Say you have a topic with a null key and the value is
{id:1, name:Chris, age:99}
Lets say you want to count up the number of people by name. You would do something like below:
nameStream.groupBy((key,value) -> value.getName())
.count();
Now lets says it is valid you can get duplicate records and you can tell it is a duplicate based on the id.
For example:
{id:1, name:Chris, age:99}
{id:1, name:Chris, age:xx}
Should result in a count of one and
{id:1, name:Chris, age:99}
{id:2, name:Chris, age:xx}
should result in a count of 2.
How would you accomplish this? I thought reduce would work, but misunderstood how that works.
You can use more than one attribute for grouping. Create a custom key by concatenation and pass as key:
KTable<String,String> modifiedTable = nameStream.groupBy((key,value) -> value.getName()+value.getId()).reduce((aggVal,newval) -> aggVal);
Above KTable will give the updated status for any record with the given name and ID.
So for {id:1,name:Chris.....}
, it will have only one record in KTable:
While in below case, both records will be present:
<Chris1, {id:1, name:Chris, age:99}>
<Chris2, {id:2, name:Chris, age:xx}>
Now you want to use the name attribute for count operation. So Change the key to name and re-group the table and perform count().
KTable countTable = modifiedTable.groupBy((k,v)-> KeyValue.pair(v.getName(), v)).count();
Here count() will be performed on top of KTable.
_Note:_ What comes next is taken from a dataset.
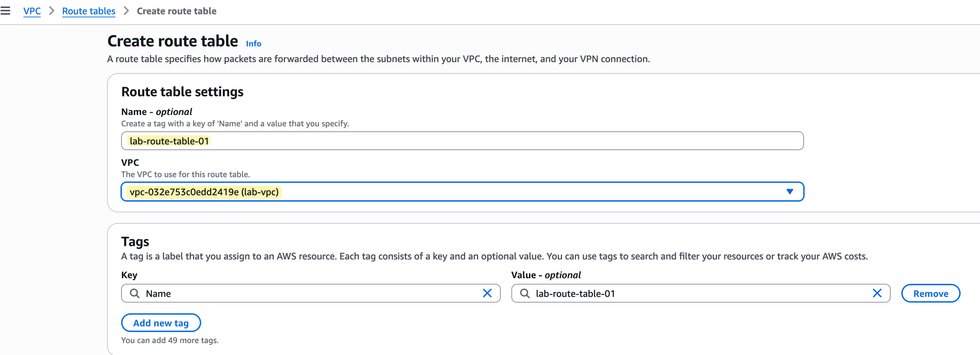 Go to the Route Tables section of the VPC console and choose to create a new one. As shown in the image, you just need to provide a name, such as lab-route-table-01, and select the VPC it belongs to, which is our lab-vpc.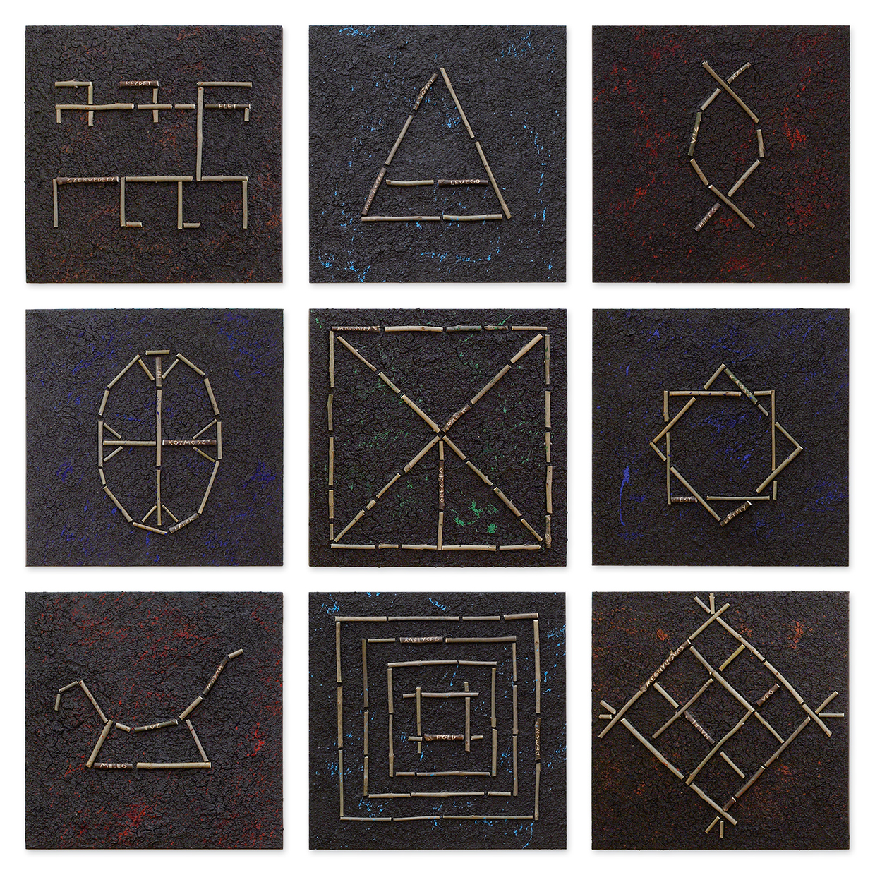 Life Memory, 2007 kompozíció 9 részből, vegyes technika, 50 x 50 cm/dbLife Memory XI., 2007 részlet a sorozatból, vegyes technika, 50 x 50 cmLife Memory X., 2007 részlet a sorozatból, vegyes technika, 50 x 50 cmLife Memory VI., 2007 részlet a sorozatból, vegyes technika, 50 x 50 cmLife Memory, 2007 kompozíció 12 részből, vegyes technika, 50 x 50 cm/db

KTable is the updated view for any given ID.
Hence for below input, modifiedTable will have 1 record at a time as updated value for key "Chris1" and you will get count=>1
<Chris,1> // Here key will be Chris1
Below input will result **count=>2
{id:1, name:Chris, age:99} // Here key was be Chris1
{id:2, name:Chris, age:xx} // Here key was be Chris2